=== TASK DESCRIPTION ===
Reproduce from the records below, with no pictures, exactly the lines between the one containing "Рис. 1. Площадь" and the one containing "Procedure for FBT/FMT", inclusive.

LISTED RECORDS START

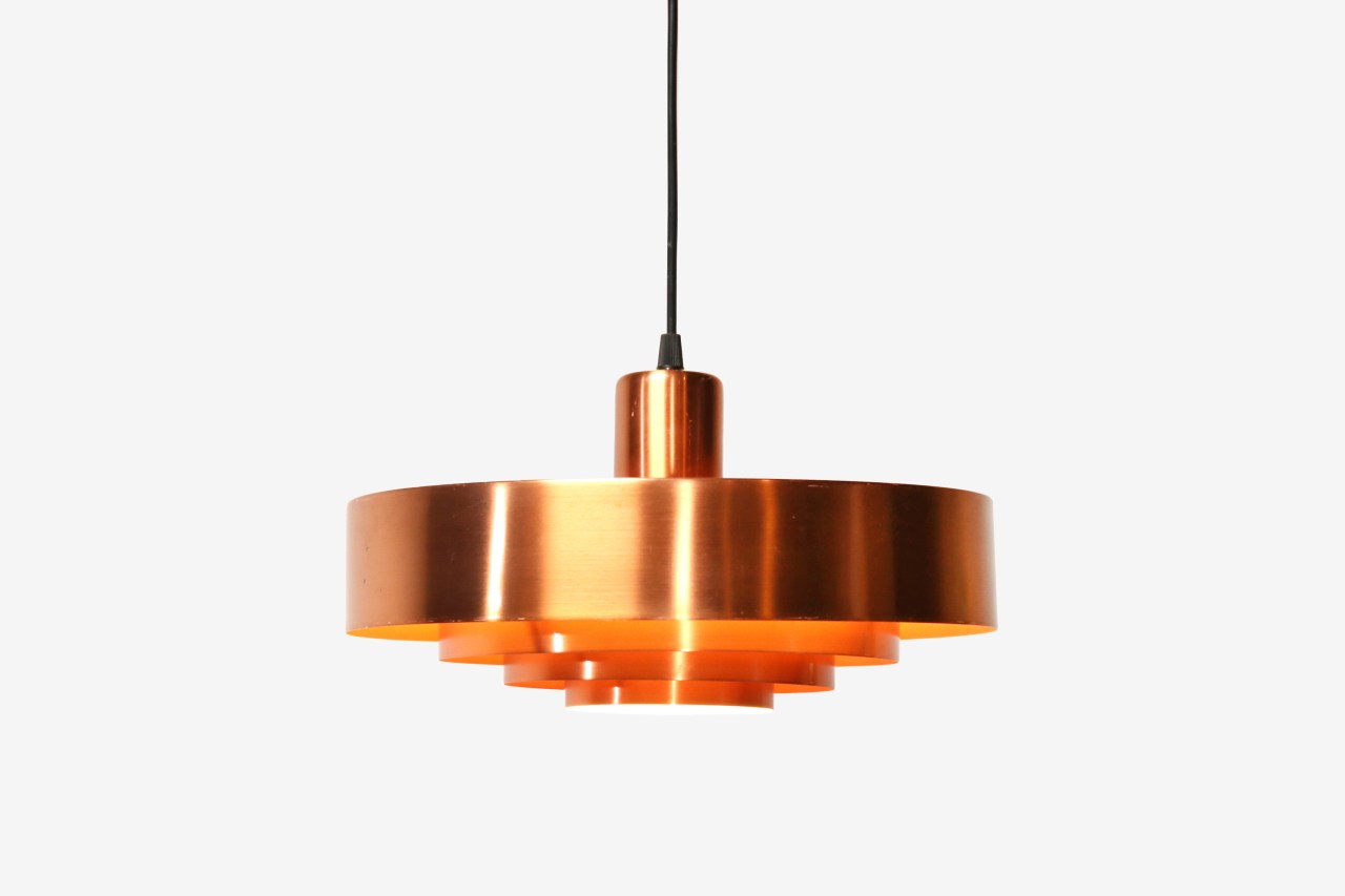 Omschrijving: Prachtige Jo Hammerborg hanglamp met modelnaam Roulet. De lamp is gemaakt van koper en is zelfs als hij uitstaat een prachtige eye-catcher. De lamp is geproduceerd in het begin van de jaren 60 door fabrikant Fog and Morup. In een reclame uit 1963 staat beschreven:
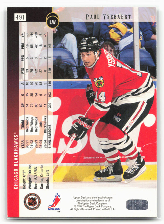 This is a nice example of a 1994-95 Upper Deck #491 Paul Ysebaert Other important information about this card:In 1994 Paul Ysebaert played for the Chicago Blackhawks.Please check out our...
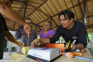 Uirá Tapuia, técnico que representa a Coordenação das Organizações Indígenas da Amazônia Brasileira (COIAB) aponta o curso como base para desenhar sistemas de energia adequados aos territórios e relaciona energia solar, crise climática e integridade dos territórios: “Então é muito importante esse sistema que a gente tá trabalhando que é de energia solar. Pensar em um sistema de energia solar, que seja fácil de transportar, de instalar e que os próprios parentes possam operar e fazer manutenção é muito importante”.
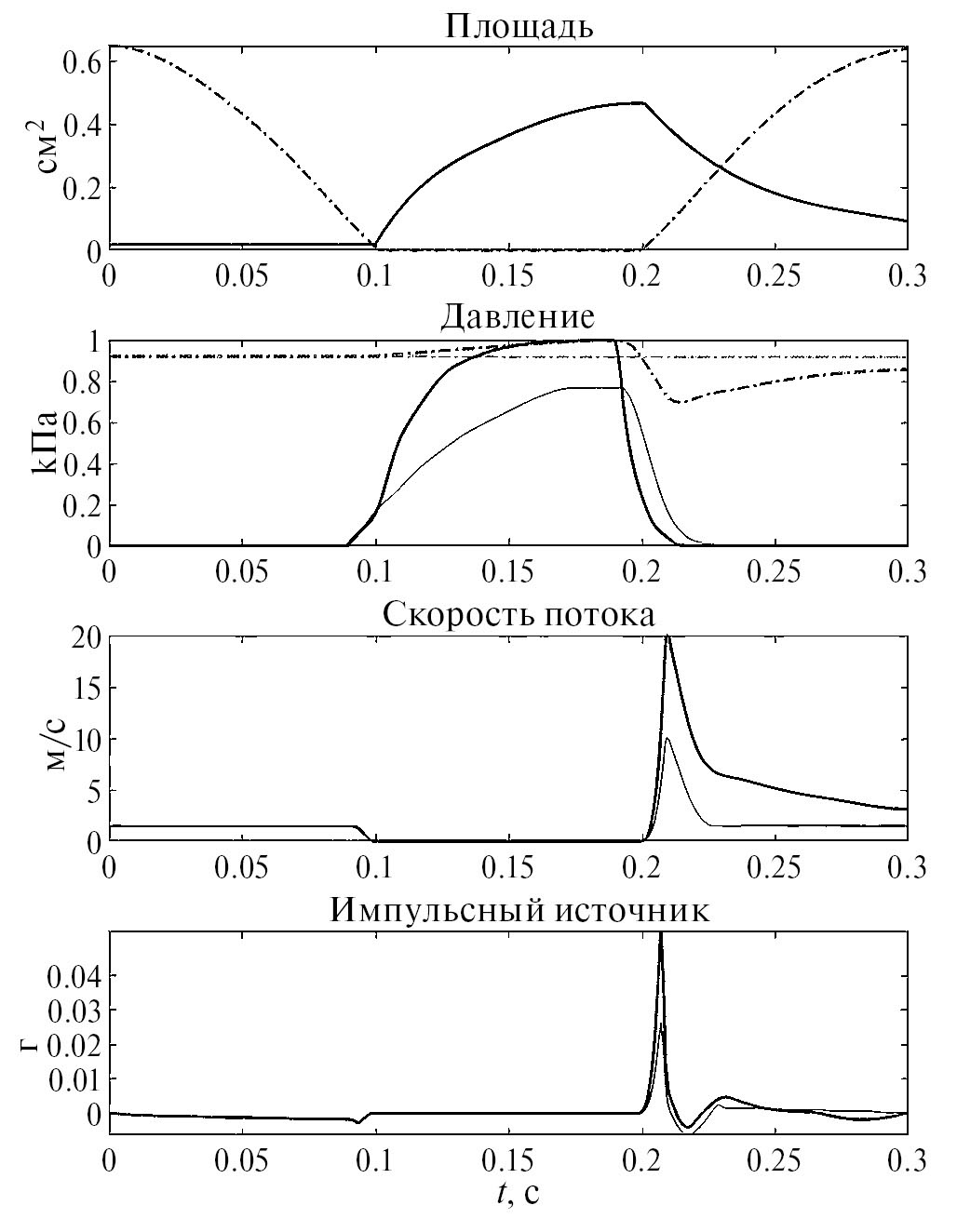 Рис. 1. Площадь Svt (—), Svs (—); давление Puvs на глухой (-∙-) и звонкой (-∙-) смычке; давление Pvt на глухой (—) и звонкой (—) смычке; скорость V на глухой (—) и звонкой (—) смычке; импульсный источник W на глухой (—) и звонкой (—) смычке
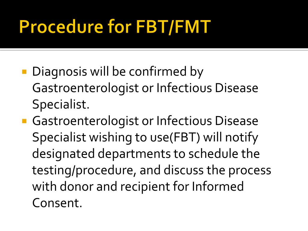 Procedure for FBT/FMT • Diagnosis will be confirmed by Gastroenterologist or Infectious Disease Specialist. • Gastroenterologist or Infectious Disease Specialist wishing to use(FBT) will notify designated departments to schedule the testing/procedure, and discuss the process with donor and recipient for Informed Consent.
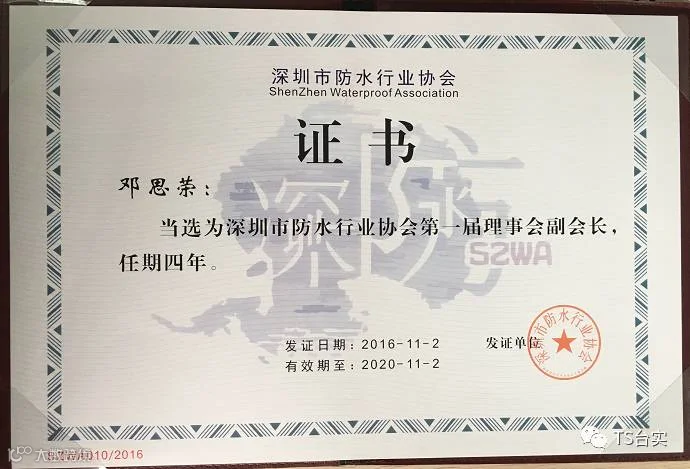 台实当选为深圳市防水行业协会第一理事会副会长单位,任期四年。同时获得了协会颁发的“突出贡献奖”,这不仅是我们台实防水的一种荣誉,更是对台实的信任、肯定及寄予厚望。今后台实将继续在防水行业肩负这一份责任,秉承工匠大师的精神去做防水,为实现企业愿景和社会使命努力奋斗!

LISTED RECORDS END
LISTED RECORDS START

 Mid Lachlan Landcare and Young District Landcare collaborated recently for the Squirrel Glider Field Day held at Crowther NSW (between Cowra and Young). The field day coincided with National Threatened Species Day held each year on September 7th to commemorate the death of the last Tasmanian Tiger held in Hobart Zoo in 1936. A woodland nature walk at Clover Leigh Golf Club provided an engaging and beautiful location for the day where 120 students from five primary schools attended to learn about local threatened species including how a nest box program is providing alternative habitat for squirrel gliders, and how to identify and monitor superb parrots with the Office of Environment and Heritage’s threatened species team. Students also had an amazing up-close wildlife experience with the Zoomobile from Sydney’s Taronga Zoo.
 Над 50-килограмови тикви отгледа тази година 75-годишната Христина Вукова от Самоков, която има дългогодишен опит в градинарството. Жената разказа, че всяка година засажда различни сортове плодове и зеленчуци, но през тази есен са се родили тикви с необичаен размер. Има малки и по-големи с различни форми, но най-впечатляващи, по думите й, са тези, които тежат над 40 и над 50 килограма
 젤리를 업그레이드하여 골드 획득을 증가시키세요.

LISTED RECORDS END
LISTED RECORDS START

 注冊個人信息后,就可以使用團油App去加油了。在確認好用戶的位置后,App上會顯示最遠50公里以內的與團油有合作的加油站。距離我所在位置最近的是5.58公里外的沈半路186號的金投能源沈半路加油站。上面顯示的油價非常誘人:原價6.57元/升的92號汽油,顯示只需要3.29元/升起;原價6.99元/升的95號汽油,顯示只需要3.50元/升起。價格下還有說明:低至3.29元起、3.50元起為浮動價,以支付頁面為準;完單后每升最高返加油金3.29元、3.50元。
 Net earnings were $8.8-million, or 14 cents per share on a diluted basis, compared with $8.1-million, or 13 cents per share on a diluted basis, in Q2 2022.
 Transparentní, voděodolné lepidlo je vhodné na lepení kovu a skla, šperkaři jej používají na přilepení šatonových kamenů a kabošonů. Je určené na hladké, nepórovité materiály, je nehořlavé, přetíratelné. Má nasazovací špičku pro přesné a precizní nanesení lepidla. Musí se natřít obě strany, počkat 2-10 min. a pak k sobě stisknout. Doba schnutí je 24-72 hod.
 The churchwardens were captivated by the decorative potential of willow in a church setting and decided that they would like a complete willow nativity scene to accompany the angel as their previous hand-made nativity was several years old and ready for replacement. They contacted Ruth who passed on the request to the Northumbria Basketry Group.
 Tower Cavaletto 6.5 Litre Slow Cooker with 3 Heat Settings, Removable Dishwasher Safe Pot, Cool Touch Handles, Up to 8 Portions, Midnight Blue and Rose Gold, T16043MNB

LISTED RECORDS END

=== OUTPUT ===
 Рис. 1. Площадь Svt (—), Svs (—); давление Puvs на глухой (-∙-) и звонкой (-∙-) смычке; давление Pvt на глухой (—) и звонкой (—) смычке; скорость V на глухой (—) и звонкой (—) смычке; импульсный источник W на глухой (—) и звонкой (—) смычке
 Procedure for FBT/FMT • Diagnosis will be confirmed by Gastroenterologist or Infectious Disease Specialist. • Gastroenterologist or Infectious Disease Specialist wishing to use(FBT) will notify designated departments to schedule the testing/procedure, and discuss the process with donor and recipient for Informed Consent.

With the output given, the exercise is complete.